The MDP is, in essence, an MBA in sustainable development. It includes classes in development and resource economics, project management, impact assessment, basics in natural and social economics, public health, community development and leadership, political economy and climate change. It also requires a ten week internship in the field in a developing country, working with practitioners on the ground in various area such as agriculture, public health, education, infrastructure among others. The first cohort includes 15 students, 8 international 7 domestic, including two MasterCard scholars from Kenya and Ghana.

Last week, we held our inaugural reception for the MDP. While we were planning for this event, we had a dilemma: who should be our keynote speaker? Conventional wisdom told us to enlist development leaders and policymakers. But we decided to go a different route, and to have an inventor and entrepreneur that would come with new ideas that can make a difference in the lives of many.

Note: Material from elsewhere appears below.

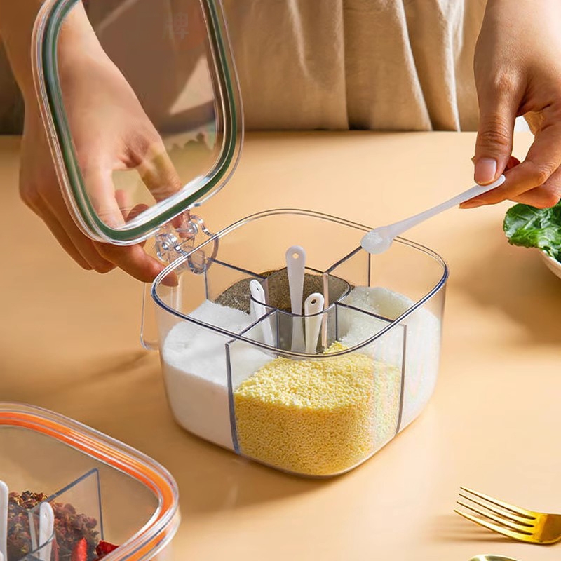 北欧厨房调料盒调味罐塑料组合套装4格一体带勺子分格带盖调味盒

We selected Josh Silver, an Oxford professor of physics who invented self-adjusting glasses. The basic concept is simple; if you put liquid between two pieces of plastic, you can create refractory lenses by trial and error. But Josh’s genius is in the detail that makes this concept work. Tens of thousands of his glasses are already in use and his goal is to distribute one billion by 2020. The cost of the glasses is likely to be under $10.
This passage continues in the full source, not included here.